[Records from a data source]
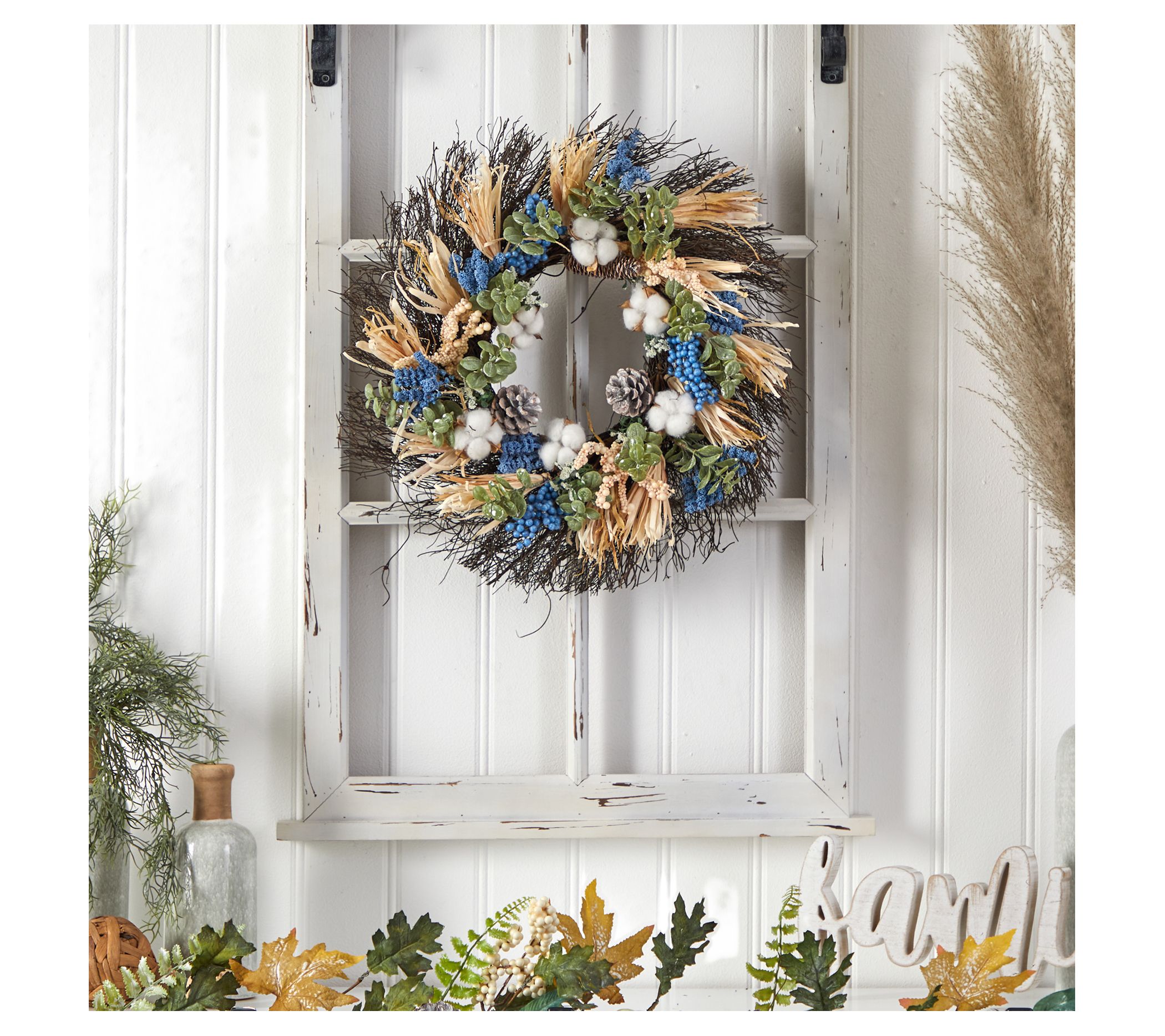 Nearly Natural 22" Eucalyptus, Berries and Pineones Wreath
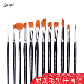 习勒12支装短杆铜管尼龙毛水粉丙烯画笔尼龙毛水彩笔...
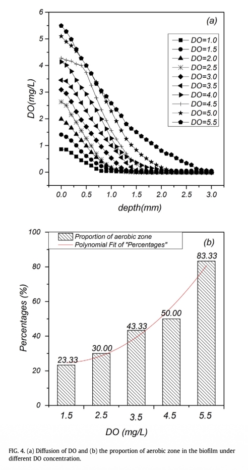 2 數(shù)據(jù):DO微電極剖面和好氧區(qū)比例,來自Fig.4。研究意義:Fig.4a顯示DO濃度增加導(dǎo)致氧滲透厚度增加(1.0-2.7 mm),F(xiàn)ig.4b表明好氧區(qū)比例從23.3%增至83.3%,直接揭示DO擴(kuò)散如何影響生物膜分層,為理解微生物空間分布提供基礎(chǔ)。
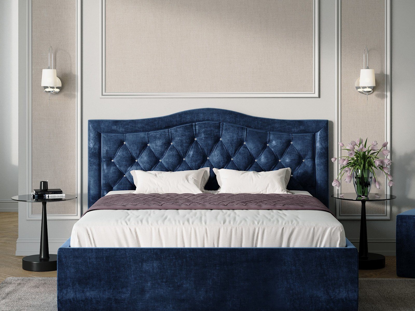 Шикарная и стильная кровать Vicensa с фигурным изголовьем, украшенным каретной стяжкой, способна стать центральным элементом вашей спальни. По желанию покупателя изголовье кровати может быть украшено декоративными пуговицами или стразами (дополнительная платная опция).
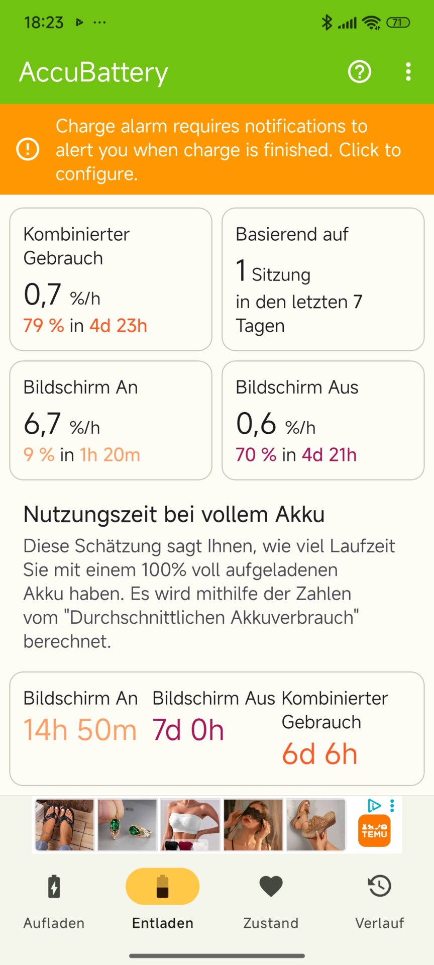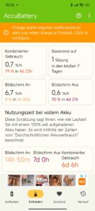 Die Screenonzeit-Messung mit AccuBattery erreicht fast 15 Stunden. Im kombinierten Verbrauch erreiche ich klar über sechs Tage, in der Nutzung als Testgerät mit adaptiver Helligkeit.

### What this task involves
In your copy, repeat each record exactly and include no pictures.

### Result
 Nearly Natural 22" Eucalyptus, Berries and Pineones Wreath
 习勒12支装短杆铜管尼龙毛水粉丙烯画笔尼龙毛水彩笔...
 2 數(shù)據(jù):DO微電極剖面和好氧區(qū)比例,來自Fig.4。研究意義:Fig.4a顯示DO濃度增加導(dǎo)致氧滲透厚度增加(1.0-2.7 mm),F(xiàn)ig.4b表明好氧區(qū)比例從23.3%增至83.3%,直接揭示DO擴(kuò)散如何影響生物膜分層,為理解微生物空間分布提供基礎(chǔ)。
 Шикарная и стильная кровать Vicensa с фигурным изголовьем, украшенным каретной стяжкой, способна стать центральным элементом вашей спальни. По желанию покупателя изголовье кровати может быть украшено декоративными пуговицами или стразами (дополнительная платная опция).
 Die Screenonzeit-Messung mit AccuBattery erreicht fast 15 Stunden. Im kombinierten Verbrauch erreiche ich klar über sechs Tage, in der Nutzung als Testgerät mit adaptiver Helligkeit.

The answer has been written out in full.